# When will it end?



## brancsikia339 (Mar 10, 2013)

According to many news articles, humans are driving extinctions faster than newer, strong life forms can evolve. It's sickening. Conservationists are calling it the sixth great extinction. Only 2-4% of species that have ever lived on earth are alive today. Adding to that, thousands of species that are undiscovered must go extinct a year with all the forest clearing and pollution and habitat destruction. I wonder how many amazing species were out there that we never discovered because of forest clearing, pollution, overfishing, among other things.

Here is an article on the extinction rate:

http://www.guardian.co.uk/environment/2010/mar/07/extinction-species-evolve

Another article:

http://www.bbc.com/future/story/20121101-a-looming-mass-extinction


----------



## hierodula (Mar 10, 2013)

I agree. Humans as a species are reproducing and spreading at a greater rate than the environment can support naturally. Whats worse is that most people dont really care about the environment. They litter and stuff and think, oh, its just me, its fine, when in reality millions do it accross the earth. We cant even take care of the land we already have, we dont deserve to force other animals out of their homes to build our own houses.


----------



## Paradoxica (Mar 10, 2013)

"When will it end?"

Sadly the answer is most likely when there is nothing left to take.


----------



## patrickfraser (Mar 11, 2013)

Humans are a cancer to the planet.


----------



## Mime454 (Mar 11, 2013)

Long after you're dead.


----------



## BugLover (Mar 11, 2013)

The only way some people think they can progress in life is by taking more of the things they "need."


----------



## aNisip (Mar 11, 2013)

It will end when we are eradicated...life will slowly return to what it once was... (not saying you'll get all the species back, but life will flourish....


----------



## brancsikia339 (Mar 11, 2013)

AndrewNisip said:


> It will end when we are eradicated...life will slowly return to what it once was... (not saying you'll get all the species back, but life will flourish....

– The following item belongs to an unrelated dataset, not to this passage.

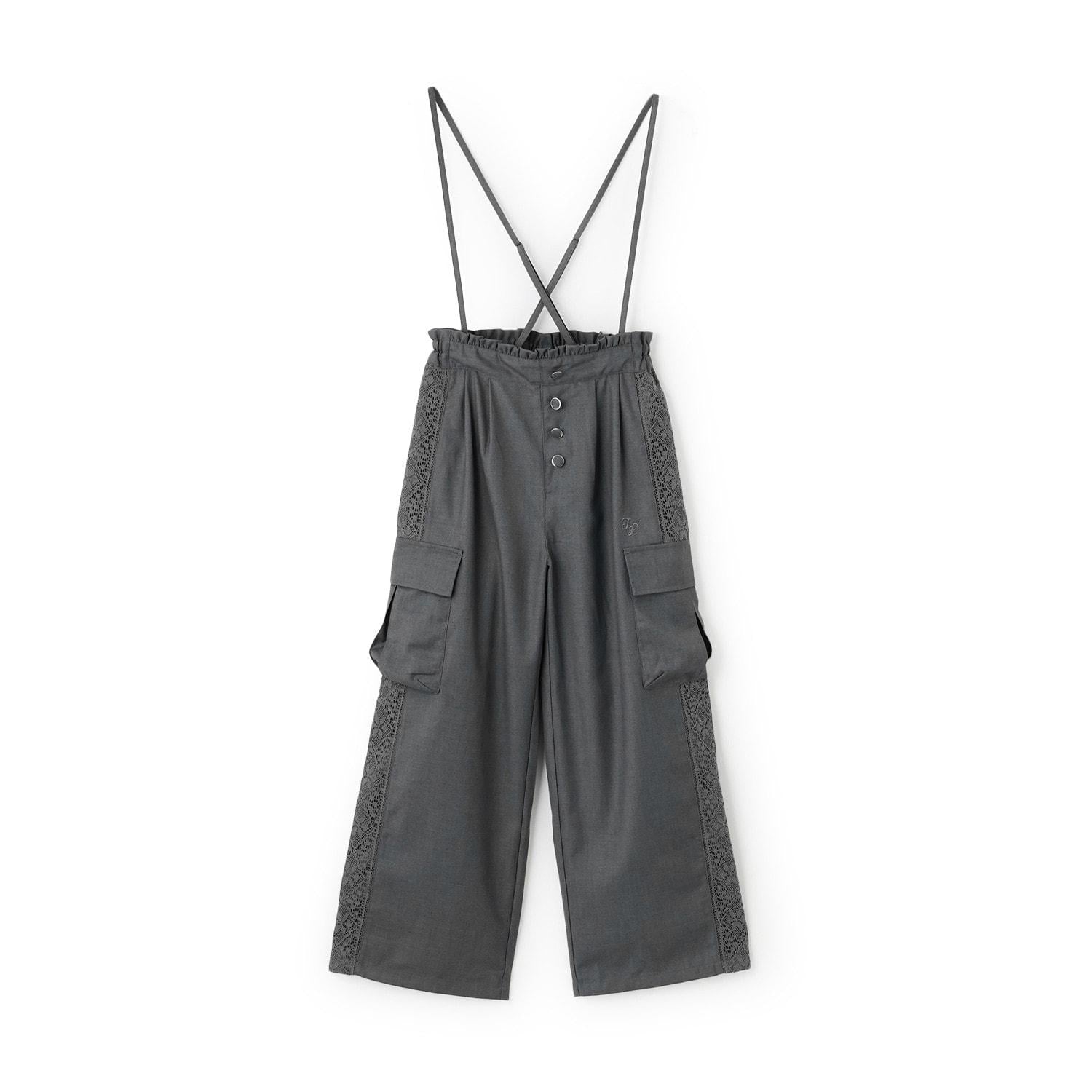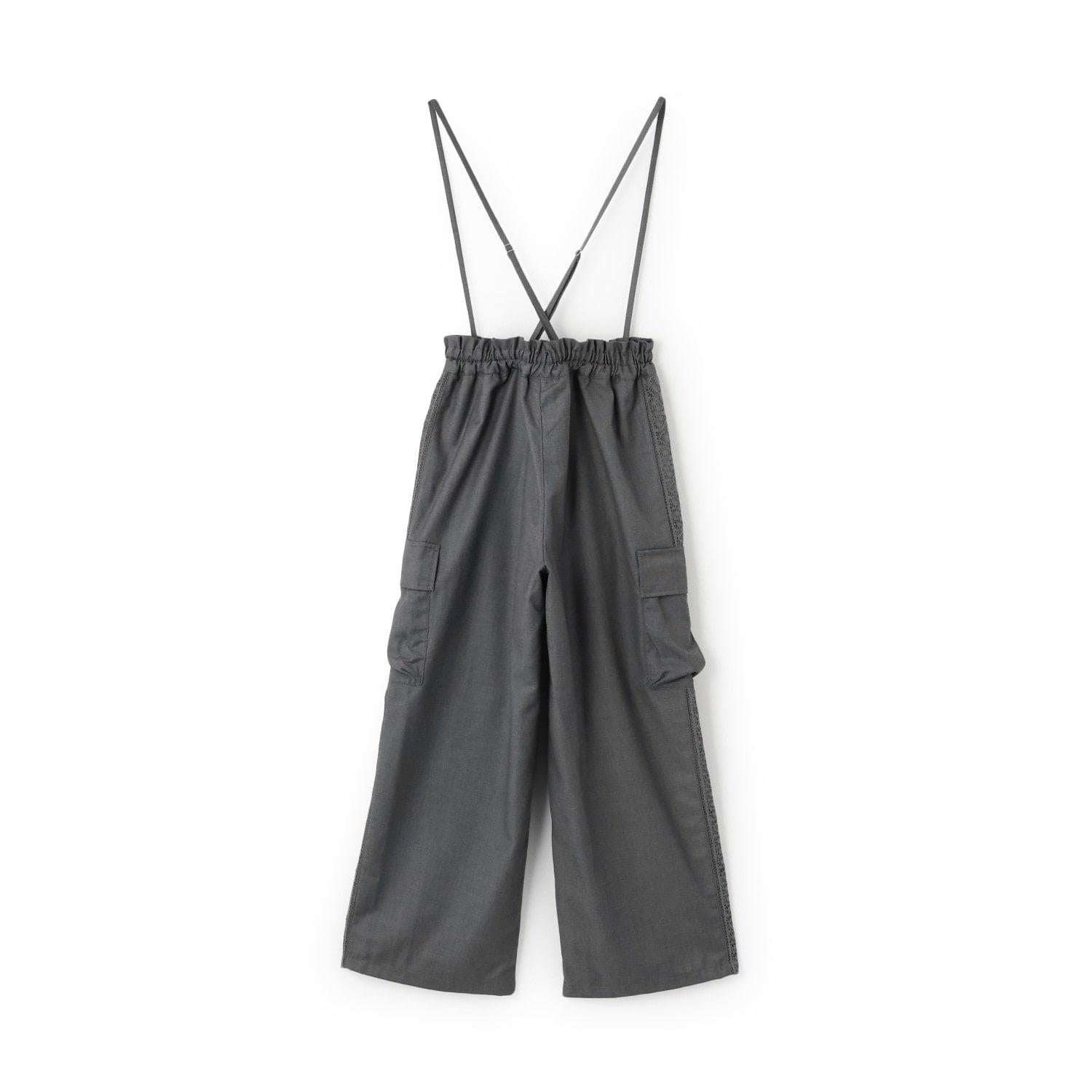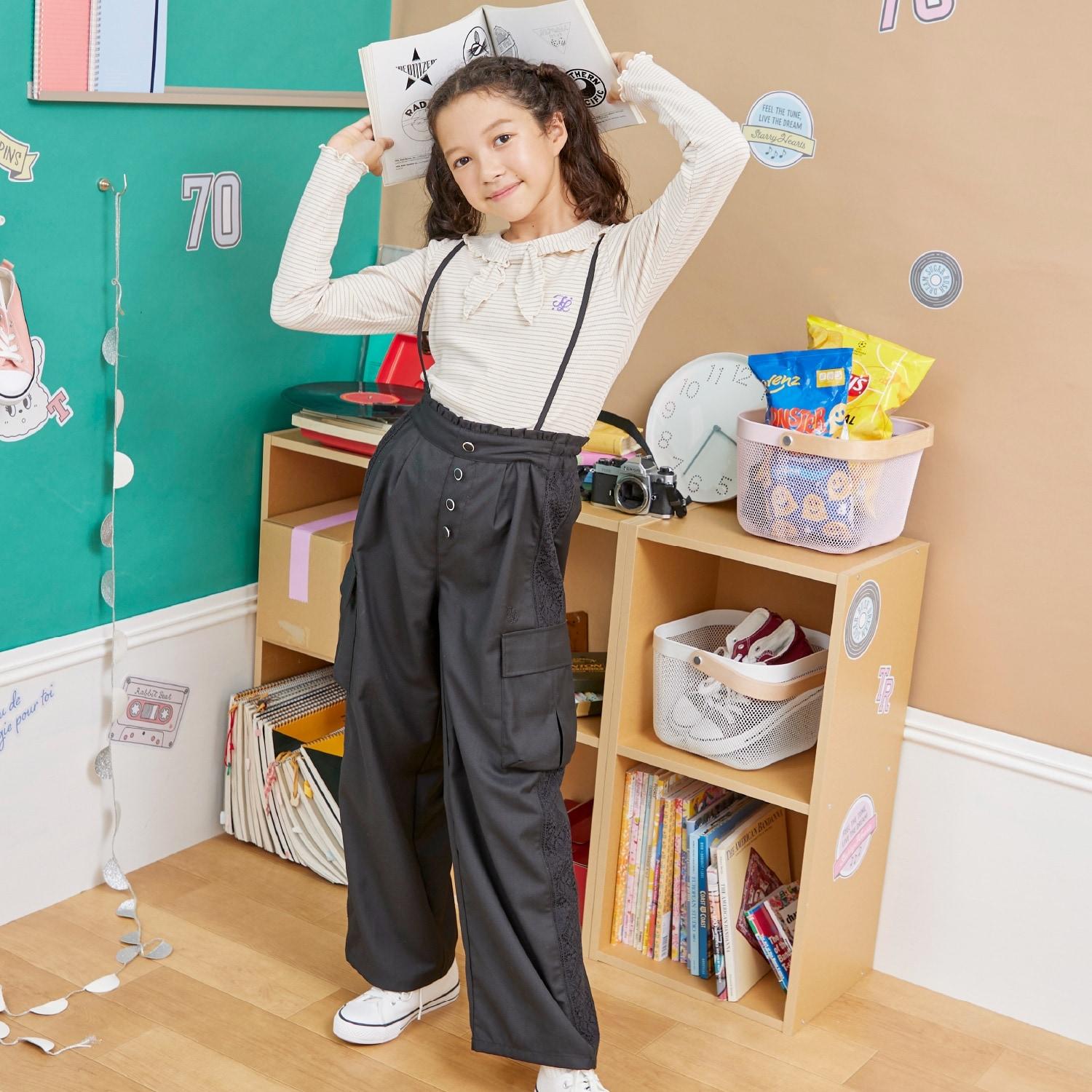 Salopettes 採用貨郎褲式設計,兩側的色調花邊增添了少女氣息。前部的裝飾紐扣和腰部的流蘇也增添了亮點。後腰處的鬆緊設計方便穿著,肩帶可拆卸,因此您可以根據自己的心情和搭配選擇兩種穿著方式。

I think the same. Unless us humans continue on our path. If we do we will most likely eradicate all life in 100 years. There will be nothing left, and its all our fault. We try to stop, but its no use. If humans go extinct, however, life will flourish and be incredible and prosper fully again


----------



## gripen (Mar 11, 2013)

brancsikia339 said:


> I think the same. Unless us humans continue on our path. If we do we will most likely eradicate all life in 100 years. There will be nothing left, and its all our fault. We try to stop, but its no use. If humans go extinct, however, life will flourish and be incredible and prosper fully again


I think that is a little overstatement. If I learned one thing from Jurassic park it is life will continue. It may not be in the way we imagine but it will continue.


----------



## Bug Trader (Mar 11, 2013)

Well if you can talk 6 billion+ people into changing and agreeing on the right path you have hope. Short of that every american could wise up and yet we will still suffer because pollution spreads, and when countries like China has demolished their eco system and cancer and other diseases continue to spread from it they are likely to just migrate by means of their never ending bank account or by force........We wont know until its time.


----------



## aNisip (Mar 11, 2013)

Bug Trader said:


> ........We wont know until its time.


I hope I am taken by Him, before that time.


----------



## Orin (Mar 11, 2013)

Eventually our sun will expand and the earth will be within it and unless man has moved to other planets with other life that will likely be the end (assuming the second coming isn't first).


----------



## brancsikia339 (Mar 11, 2013)

Orin said:


> Eventually our sun will expand and the earth will be within it and unless man has moved to other planets with other life that will likely be the end (assuming the second coming isn't first).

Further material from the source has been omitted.